Net Income (Loss) per Common Share
Basic earnings (loss) per share are calculated by dividing net income
(loss) by the weighted average number of common shares outstanding for the
period. Diluted earnings (loss) per share are calculated by dividing net income
(loss) by the weighted average number of common shares and dilutive common stock
equivalents outstanding. During the periods when they are anti-dilutive, common
stock equivalents, if any, are not considered in the computation.
Property and Equipment
Property and equipment consists of production buildings, furniture, fixtures,
equipment and vehicles which are recorded at cost and depreciated using the
straight-line method over the estimated useful lives of five to fifteen years.
Maintenance and repairs are charged to expense as incurred.
Impairment of Long Lived Assets
The long-lived assets of the Company consist primarily of proved oil and
gas properties and undeveloped leaseholds. The Company reviews the carrying
values of its oil and gas properties and undeveloped leaseholds annually or
whenever events or changes in circumstances indicate that such carrying values
may not be recoverable. If, upon review, the sum of the undiscounted pretax cash
flows is less than the carrying value of the asset group, the carrying value is
written down to estimated fair value. Individual assets are grouped for
impairment purposes at the lowest level for which there are identifiable cash
flows that are largely independent of the cash flows of other groups of assets,
generally on a field-by-field basis. The fair value of impaired assets is
determined based on quoted market prices in active markets, if available, or
upon the present values of expected future cash flows. The impairment analysis
performed by the Company may utilize Level 3 inputs.
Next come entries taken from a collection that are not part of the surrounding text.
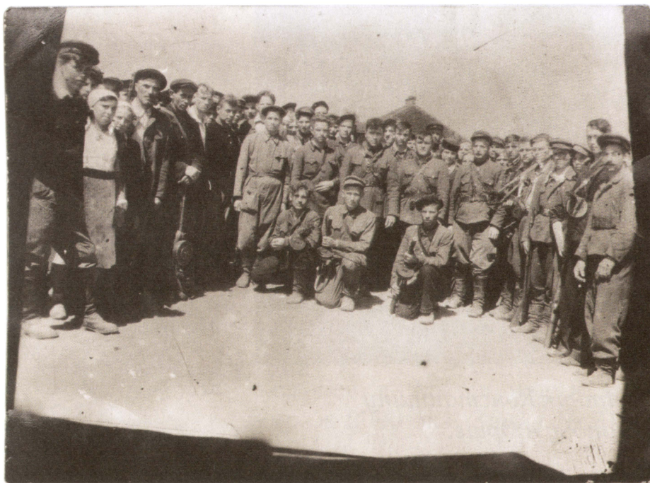
Отряд «Победа» партизанской бригады им. Заслонова. 1944 год.

Партизан в деревне было мало, всего около 25 человек, а фашистов на Куповат наступало в 20 раз больше. Они обрушили на защитников деревни ураганный огонь. Бой был жестоким и неравным. Уничтожив свыше 25 вражеских солдат и офицеров, партизаны отошли в лес. В бою героически погибли Заслонов и ещё 4 партизана. Их похоронили в братской могиле недалеко от Куповати.
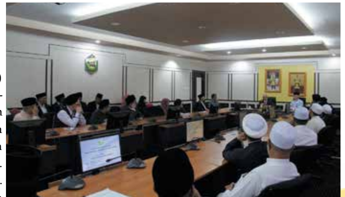
Pensyarah yang hadir mendengarkan ceramah
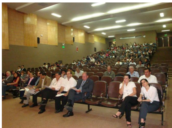
Vista de la asistencia al Foro

La organización del evento contó con el apoyo de la Asociación de Estudiantes de la Carrera Ingeniería Forestal de la FCA/UNA.
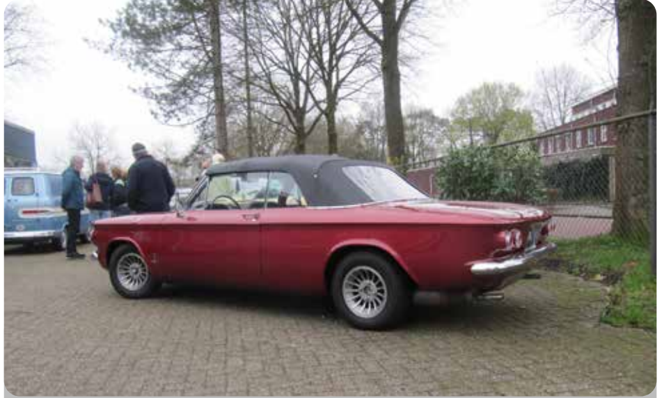
Rosalie: Deze auto heeft een mooie rode kleur
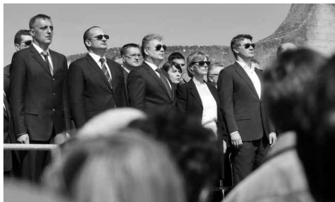
Državni vrh RH na komemoraciji u Jasenovcu (osim predsjednice Kolinde Grabar Kitarović)
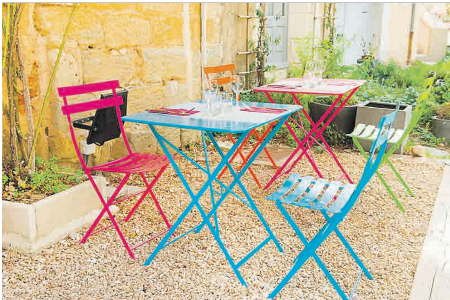
Malebná umí dát svěžest i kovovým židlím. Ty přímo lákají k posezení a konzumaci grilovaných pochoutek.
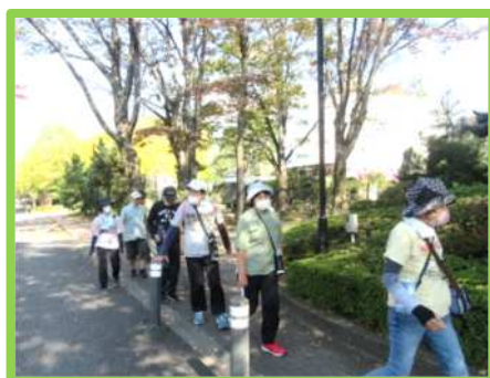
👣 散歩 👣 (健康維持のため毎日行っています!)
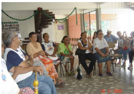
FIGURA 19 Idosos na oficina de memórias

As experiências infantis trazidas por meio das memórias afetivas dos idosos nos possibilitam investigar esse cenário cambiante e plural. Adentremos imaginariamente o cenário de rememoração constituído durante a realização das oficinas de memórias desenvolvidas por nós no Centro de Convivência. Forma-se um círculo, os idosos ajeitam-se timidamente nas cadeiras, alguns sobressaltos e hesitações se instalam no ambiente, a ânsia de começar a narração das experiências infantis invade os corpos inquietos, uma inquietude refletida nos cochichos e nos silêncios provocados pelo instante que espreita as histórias reveladoras de sentidos e cores. Um dos participantes pede para começar, inicia-se, portanto, a partilha das representações de infância tecidas pelas narrativas desses sujeitos idosos.
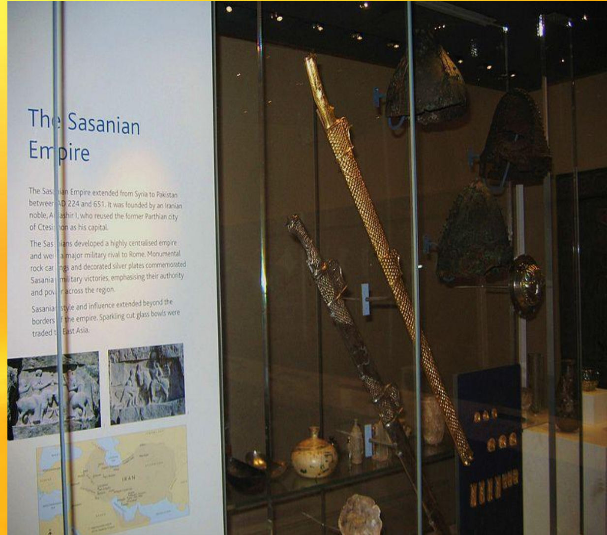
شمشیر طلای اردشیر بابکان، موزه لندن
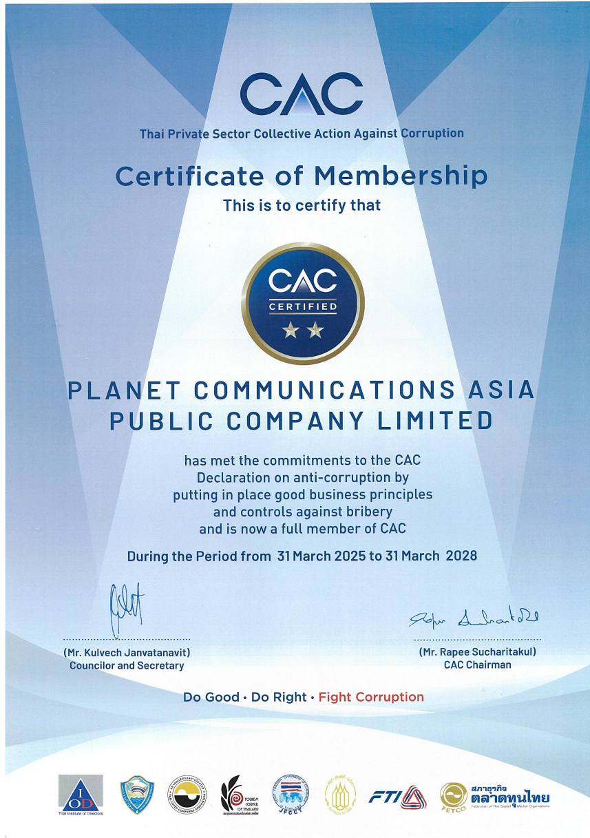
CAC Certificate of Membership

ข้อมูลเกี่ยวกับการเปลี่ยนแปลงและพัฒนาการที่สำคัญของนโยบายแนวปฏิบัติและระบบการกำกับดูแลกิจการในรอบปีที่ผ่านมา การเปลี่ยนแปลงและพัฒนาการที่สำคัญเกี่ยวกับการทบทวนนโยบายและแนวปฏิบัติของระบบการกำกับดูแลกิจการ หรือกฎบัตรคณะกรรมการ
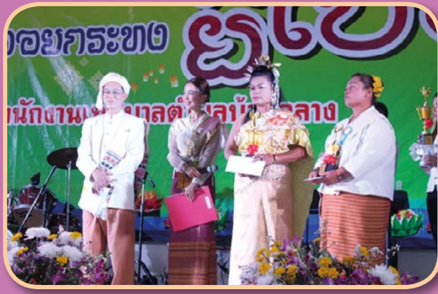
โครงการจัดกิจกรรมประเพณีวันลอยกระทง
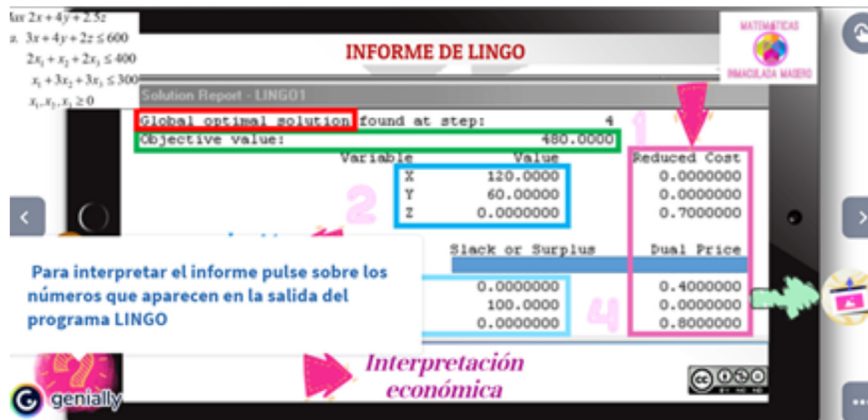
Figura 3. Pantalla 6 del MDD con detalle desplegado al pasar el ratón sobre el símbolo de interrogación.
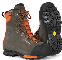
OCHRANNÁ KOŽENÁ OBUV FUNCTIONAL S OCHRANOU PROTI PROŘÍZNUTÍ 24 M/S 597 65 93-44
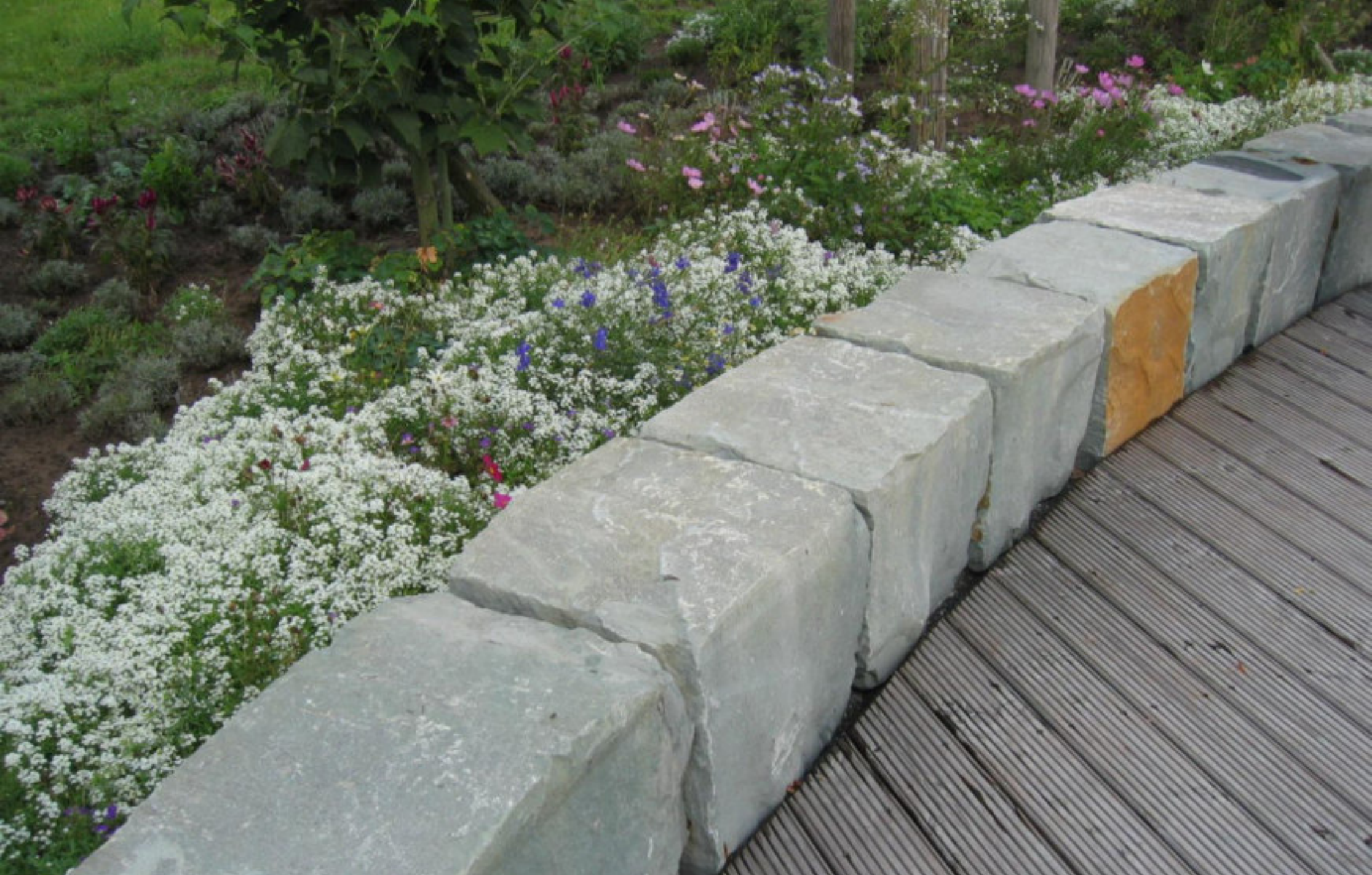
SITZQUADER - gespalten

The Company recorded no proved property impairment in the years ended
October 31, 2012 and 2011. The Company recorded abandonments of unproved
property of $120,798 and $0 in the years ended October 31, 2012 and 2011,
respectively.
Income Taxes
Income taxes are accounted for under the asset and liability method.
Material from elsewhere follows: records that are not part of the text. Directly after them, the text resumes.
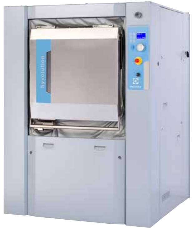
Images shown are a representation of the product only and variations may occur.
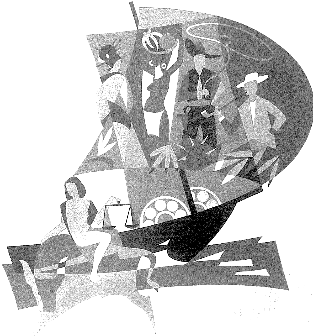
Symbolhafte Darstellung der Ausfuhr in fünf Erdteile für einen Kugellagerhändler in Schauenstein, sechsfarbig, 6 x 6 m
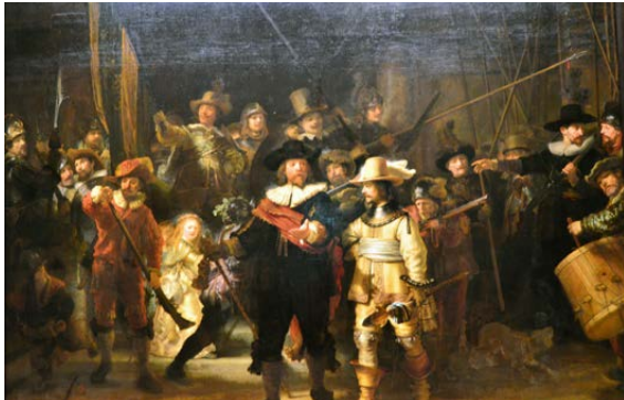
De Nachtwacht Rembrandt van Rijn

Reken het uit en maak er een cirkeldiagram van.
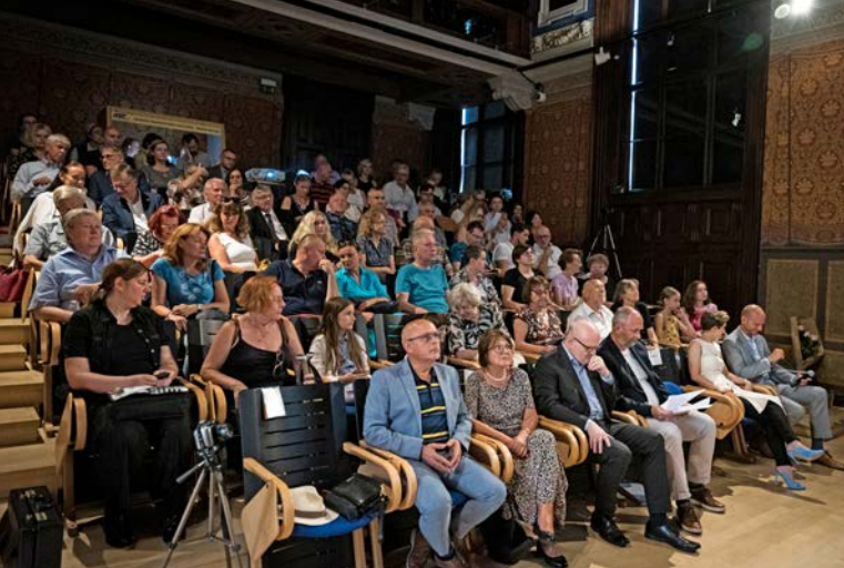
Zvědaví posluchači zcela zaplnili nádherný sál Uměleckoprůmyslového muzea Moravské galerie v Brně

na osobnost knížete Jana II. z Lichtenštejna, jehož sbírky a dary do dnešních dní obohacují různá moravská muzea. Přítomní se tak například dozvěděli i to, že kníže, zvaný Dobrotivý, na svých panstvích podporoval průmysl, zakládal nemocnice a sirotčince a zasloužil se o vznik první přírodní rezervace na Moravě, dnes známé jako Národní park Šerák-Keprník.
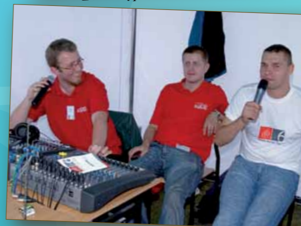
Załoga Radia Emiter
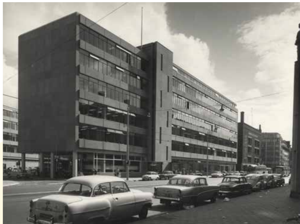
LUMMUS NEDERLAND Van den Broek en Bakema 1965-1988
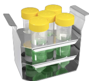
TR-5/30 BS-010406-КК штатив

Штатив для пробирок \varnothing 30 мм, емкость 5 пробирок. ШхГхВ: 155x90x112 мм
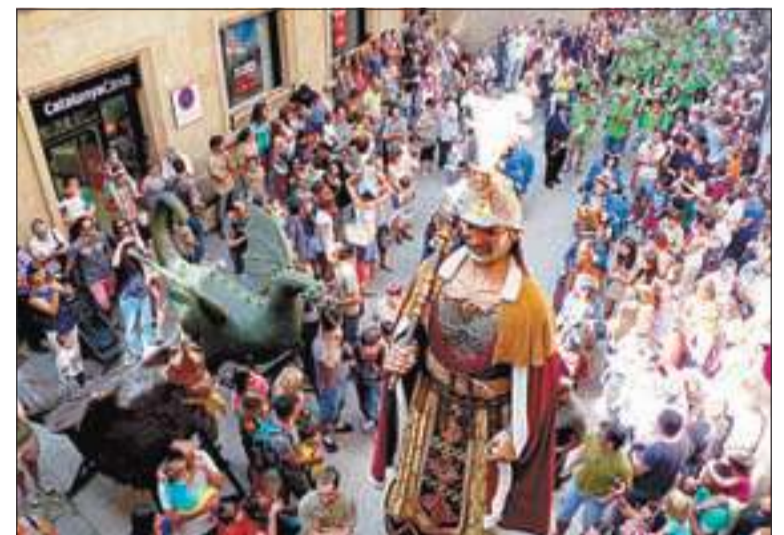
AJUNTAMENT DE SOLSONA
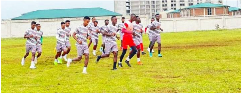
አዲሱ የኮንፌዴሬሽን ጨዋታ በደምር ውጤት ማሸነፍ ከቻሉ በቀጣይ የቱኒዚያውን ሴክሰቲየን የሚገጥሙ ይሆናል።

ካለፉት ጥቂት ዓመታት ወዲህ በኢትዮጵያ ትልቁ የእግር ኳስ ውድድር መድረክ ፕሮግራም ተሳታፊ ከመሆን አልፎ ቻምፒዮንና የዋንጫ ተጨባሪ መሆን የቻለው ፋሲል ከነማ አገሩን ወክሎ በአፍሪካ መድረክ ተሳታፊ ሆኗል። በተለይም አዲሱ የኮንፌዴሬሽን ዋና ጫ የመልስ ጨዋታቸውን በመወከል በተሳተፎ ደረጃ የተሻለ ስኬት አስመዘግበዋል። በነዚህ ሦስት ዓመታት ሁለት ጊዜ የኮንፌዴሬሽን ዋንጫ ላይ አንድ ጊዜ ደግሞ በቻምፒዮንሰለግ መድረክ መቅረብ ችለዋል። ከቻምፒዮንሰለግ ሲገቡ በሆነ በአፍሪካ ቻምፒዮንሰለግ ኢትዮጵያን የወከሉት አዲሱ አምና ሁለተኛ ሆነው በማጠናቀቅ ዘንድ የኮንፌዴሬሽን ዋንጫ ተሳታፊ መሆናቸው ይታወቃል።

Deferred tax assets and liabilities are recognized when items of income and
expense are recognized in the financial statements in different periods than
when recognized in the applicable tax return. Deferred tax assets arise when
expenses are recognized in the financial statements before the tax return or
when income items are recognized in the tax return prior to the financial
statements. Deferred tax assets also arise when operating losses or tax credits
are available to offset tax payments due in future years. Deferred tax
liabilities arise when income items are recognized in the financial statements
before the tax returns or when expenses are recognized in the tax return prior
to the financial statements. Deferred tax assets and liabilities are measured
using enacted tax rates expected to apply to taxable income in the years in
which those temporary differences are expected to be recovered or settled. The
effect on deferred tax assets and liabilities of a change in tax rates is
recognized in income in the period that includes the date when the change in the
tax rate was enacted.
We routinely assess the realizability of our deferred tax assets. If we
conclude that it is more likely than not that some portion or all of the
deferred tax assets will not be realized under accounting standards, the tax
asset is reduced by a valuation allowance. In addition we routinely assess
uncertain tax positions, and accrue for tax positions that are not
more-likely-than-not to be sustained upon examination by taxing authorities.
Major Customers
Sales to major unaffiliated customers consisted of the following. For the
year ended October 31, 2012, Customer A accounted for approximately 19% of
revenue, Customer B accounted for approximately 26% and
F-10
Customer C accounted for approximately 55%. For the year ended October 31, 2011,
Customer A accounted for approximately 19% of revenue, Customer B accounted for
approximately 14%, Customer C accounted for approximately 17%, and Customer D
accounted for approximately 44%.
The Company sells production to a small number of customers, as is
customary in the industry. Yet, based on the current demand for oil and natural
gas, the availability of other buyers, and the Company having the option to sell
to other buyers if conditions so warrant, the Company believes that its oil and
gas production can be sold in the market in the event that it is not sold to the
Company's existing customers. However, in some circumstances, a change in
customers may entail significant transition costs and/or shutting in or
curtailing production for weeks or even months during the transition to a new
customer.
Recent Accounting Pronouncements
The Company adopted Accounting Standards Update No. 2011-05 ("ASC No.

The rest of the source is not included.